Exploitation (see RRE white paper above for the "Non-Sundering function) still appears between countries, but also within each country, facilitated by the very own folks, and the sundering of the self takes place, individually and in time, as part of the competition between markets.
This means that the right to live will hinge on 'sufficient individual productivity' and this will apply to all, at all levels, in all circles.
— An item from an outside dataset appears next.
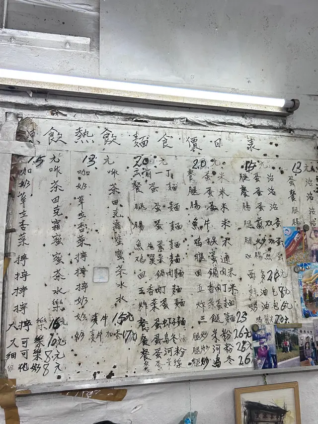 牆上嘅手寫餐牌、天花板上嘅舊式白色吊扇 ...

The more privileged circle may take more damage under this regimen, offering a more attractive prospect for scavengers, and the sooner one of them stops living, the sooner the scavenging can take place.
Meanwhile, just as the cut-throat productivity and positioning competition among the most developed countries is leading them to their reciprocal and respective '(self-)mutilation' and harm to their own folks, competition among private players is equally fierce, and coalitions are built, sides taken, whereby leaving may not be an option in this new order where trust is scarce and fragile. These lead to damages and to the great mess.
When a country's borders are porous, all folks need to take on a border role to a certain extent. Similarly, when state structures recede, every private actor needs to take on every role, or they need to recreate basically the same functions as the government. Unfortunately, in addition to resulting in the 'sufficient individual productivity' issue above, on the one hand, the process leading to this necessarily interacts with the rest of the system, to some extent interfering or leading elsewhere than the envisioned result, and on the other hand, private actors as well as other organisations and consortia compete, creating a multitude of incomplete and redundant but not exactly overlapping propositions for the various regulations. The wild West.
Absent a consolidation (see RRE white paper for the relevant consolidation framework), legislation may end up being made by judges, hence the scramble for the socialisation of judges, yielding a likewise great and costly mess.
The bottom line is that in our current framework, competition is incompatible with the human system.
As I mentioned in a previous blog, negotiation between partial positions leads to an irrelevant middle ground if a deal is reached. Similarly, a competition between partial positions in this great mess leads to (redundancies, excessive activity and) avoidable damage if it is won by anyone, as well as to avoidable damage if it is not won by anyone.
Let me boldly posit that the only competition that is beneficial to you, whoever you may be, is one about who contributes the most to the reaching and maintenance of the resilience-to-robustness equilibrium (see white paper https://zenodo.org/records/10633773).
Having conveyed the above candid impressions and knowledge, I am not trying to, respectively I am trying not to, influence certain major decisions. My aim is to inform folks of how the world is made, in terms of a single system, and which directionality therefore would be appropriate - when we are ready.